The only caveat is that the microwave doesn’t brown the food as well as the oven — unless you have a microwave-convection oven combo (Shop GE at Mrs. G’s now). To solve this issue, just decorate the top with some tasty garnishes. They will add color and flavor.
- • 1/3 cup marinara sauce or ketchup ( get it locally from First Field)
- • 1/3 cup panko crumbs (or smashed gluten-free crackers)
- • Two tablespoons grated onion
- • One teaspoon chopped garlic
- • One teaspoon chopped fresh thyme
- • 1/4 cup chopped parsley
- • 1/2 teaspoon kosher salt
- • 1/2 teaspoon freshly ground black pepper
- • 1 pound ground beef, preferably grass-fed from the farmers market
- • One large egg
- • More ketchup for garnish
- 1. Combine marinara or ketchup, panko, onion, garlic, thyme, parsley, salt, pepper, and ground beef in a large bowl. Stir to mix (I like to knead it in my hands, their warmth helps distribute the fat and flavors.)
- 2. Spread beef mixture evenly in a nine 1/2-inch microwave-safe loaf dish coated with olive oil; Keep the mixture somewhat fluffy.
- 3. Loosely cover with a paper towel.
- 4. Microwave for 8 -10 minutes or until meat is no longer pink, and a thermometer reads 160°;
- 5. Let stand for 3 minutes. Serve topped with additional ketchup if desired.
- 6. Note: To prepare one serving of a meatloaf, divide the mixture in four, and freeze three portions. Microwave the remaining portion in a lightly oiled mug for 3 minutes. When ready to cook the remaining frozen meatball mixes be sure to thaw them completely in the fridge before cooking.
- • 1/2 cup almonds or other nut flour
- • 1/4 tsp baking soda
- • A pinch of salt
- • 1/4 teaspoon ground cloves
- • 1-ounce (1/8 cup) New Jersey blueberries ('tis the season!)
- • One egg
- • One tablespoon melted butter
- • Two tablespoons maple syrup
- • 1/2 teaspoon orange zest
- • A little more maple syrup, to top
- 1. Mix almonds, baking soda, salt and cloves in a bowl. Add the blueberries and toss to cover them with the dry mixture. In a separate bowl, whisk egg, butter, syrup, and zest. Combine the wet mixture with the dry one and mix thoroughly.

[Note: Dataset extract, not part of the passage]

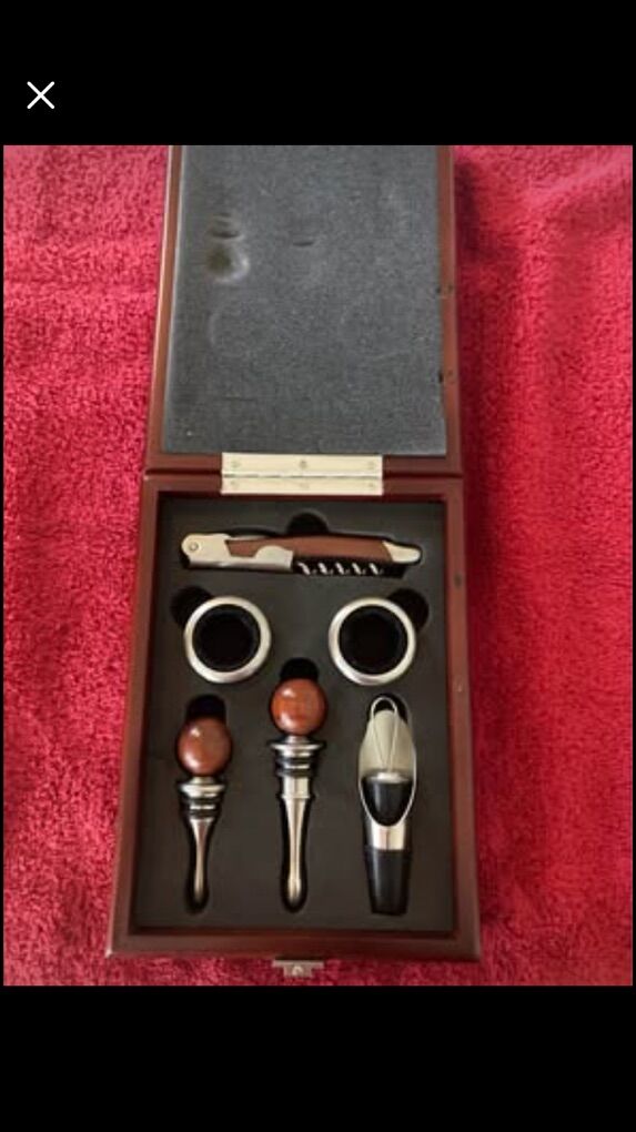 This is a Brookstone Heritage 6-piece wine accessory set in a rosewood box.

- 2. Pour into a coffee mug that you have coated with a little bit of oil or butter. Microwave for 90 seconds. Drizzle with a bit more maple syrup. Enjoy.
- • Melted butter to brush the cup and the top of the frittata
- • 1⁄2 cup fresh spinach leaves, washed and dried
- • 1/4 cup basil leaves, torn
- • 1/4 cup grated parmesan
- • 1⁄3 cup fresh goat cheese, crumbled
- • 2 eggs
- • 1⁄4 cup heavy cream
- • salt and pepper
- • Extra one tablespoon crumbled goat cheese and one tablespoons chopped basil to garnish.
- 1. Brush a microwave safe cereal sized bowl or a mug with some melted butter
- 2. Chop the spinach. Transfer to a mixing bowl. Add the basil, goat cheese and parmesan and mix.
- 3. Beat the two eggs and cream in a separate cup, pour over the mixture. Sprinkle lightly with salt and pepper.
- 4. Microwave on high for 2 minutes until starting to set. Drizzle with some butter and sprinkle the remaining goat cheese. Microwave for another minute.
- 5. Sprinkle with basil if you wish and serve immediately.
- There are lots of greens at the farmers market right now. Use them in a frittata.